Жизнь потекла в привычном ритме, но надежды в ней больше не было. Дочь так и не заговорила – мой мир рухнул. Я по привычке ездил на работу в офис, решал важные дела, проводил встречи, но ничто меня не трогало, во всём этом не было прежнего азарта и страсти. Я вёл себя словно сомнамбула, и только один вопрос возвращал меня в реальность: «Мишенька, ну что? Как Лина?» От боли всё сжималось внутри, дыхание сбивалось, и прежде чем что-то произнести, я лихорадочно искал сигареты среди кипы бумаг, доставал одну, нервно закуривал, падал в кресло и после пары глубоких затяжек вот уже год неизменно отвечал: «Молчит». Это слово камнем повисало в густых клубах дыма.

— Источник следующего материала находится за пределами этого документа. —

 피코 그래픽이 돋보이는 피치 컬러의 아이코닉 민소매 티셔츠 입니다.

Я стал курить по три пачки сигарет в день, а не проходящую горечь во рту заедал тортами, пирожными, конфетами. Забросил хобби: фотографию и любительские театральные постановки, песни и пляски в караоке. Мой голос в три октавы больше не радовал друзей на шумных праздниках. Женщины и вино не заводили. Свободные вечера я проводил с Линой у камина… среди молчания. Я начал понимать малышку без слов: по глазам, взмаху ресниц, движению бровей, наклону головы, жестам; научился считыватьитывал желания до того, как она писала свою просьбу на бумаге, улавливая все её порывы и настроения. В этой глубокой тишине я ощущал неземную связь с дочерью. Казалось, мы были знакомы миллионы лет, и наши судьбы навеки переплелись в круговороте бесконечных воплощений. Возможно, она когда-то была моей матерью, женой, сестрой. Кто знает… Мы общались на уровне Душ, перейдя в тонкий мир, где слова были уже не средством, а помехой.

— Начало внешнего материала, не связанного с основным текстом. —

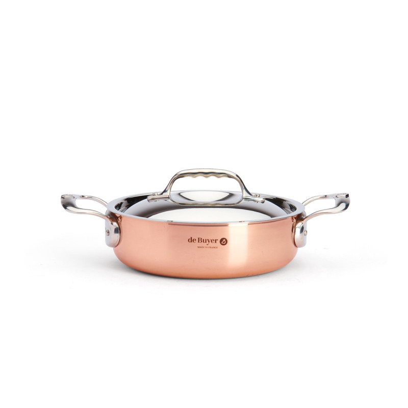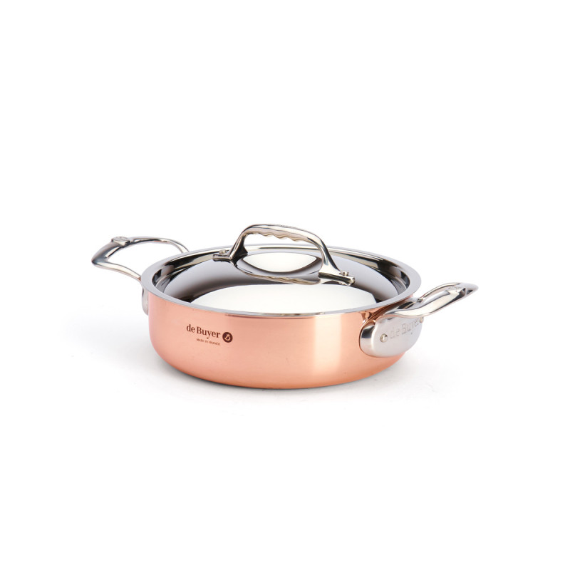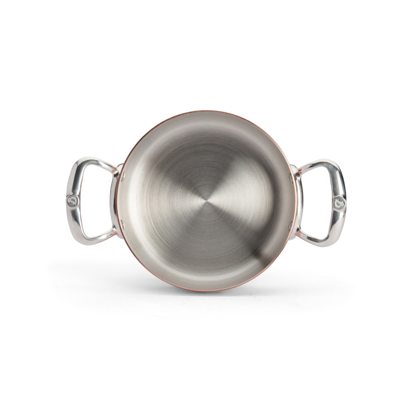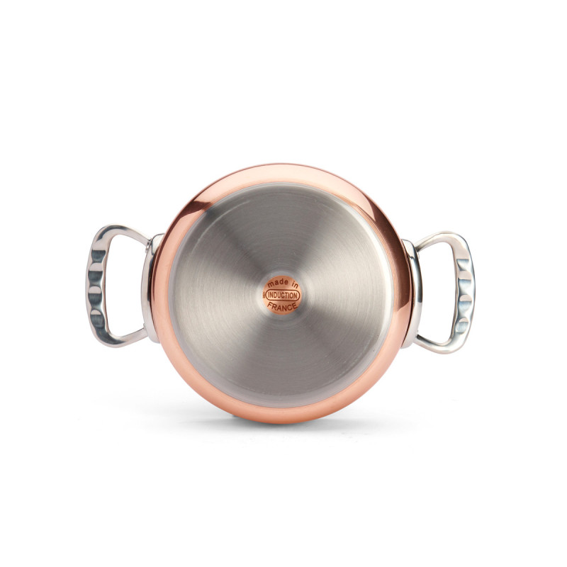 Le sautoir est composée de 90% de cuivre pour donner la meilleure conductivité thermique et 10% d'acier inoxydable AISI 304 pour une meilleure durabilité et une hygiène irréprochable.

Прошёл ещё один год. Сидя в офисе за рабочим столом, я внезапно ощутил необъяснимый приступ страха, паника мгновенно охватила меня, и грудь пронзила резкая боль, перед глазами поплыло. Всё, что я успел сделать – это нажать кнопку вызова секретарши и вымолвить «срочно зайди». Меня нашли на полу, без сознания, скорая увезла с обширным инфарктом миокарда.
***
Три дня мы с мамой ходили к папе в больницу, проводя возле его обездвиженного тела по многу часов. Только постоянно меняющаяся линия на электрокардиографе монотонным звуком сообщала, что он с нами. На четвёртый день мама куда-то вышла и я осталась с отцом наедине. Как и прежде, я не могла отвести глаз от монитора, следя за его причудливыми зигзагами, понимая, что от их пляски зависит жизнь самого родного мне человека. Вдруг изолиния начала сбиваться, замерла и через несколько секунд превратилась в сплошную прямую… Пространство наполнилось пронзительным звуком. Я видела такое в кино и сразу поняла, что это означает. Выбежала в коридор – никого. Вернулась в палату и в немой истерике уставилась на монитор, судорожно думая, что делать, как вдруг на экране проявилось лицо старого шамана, он пристально посмотрел мне в глаза – в ту же секунду мою грудь разорвал нечеловечески громкий рык. Боже, каким чужим показался мне собственный голос! Я взяла отца за руку и произнесла: «П-п-п-п-п-п-п-а-а-а-п-п-п-а! Я люблю тебя! Смерти нет! Мы будем жить вечно!»
Лицо шамана исчезло, а ровная линия на мониторе пошла зигзагом.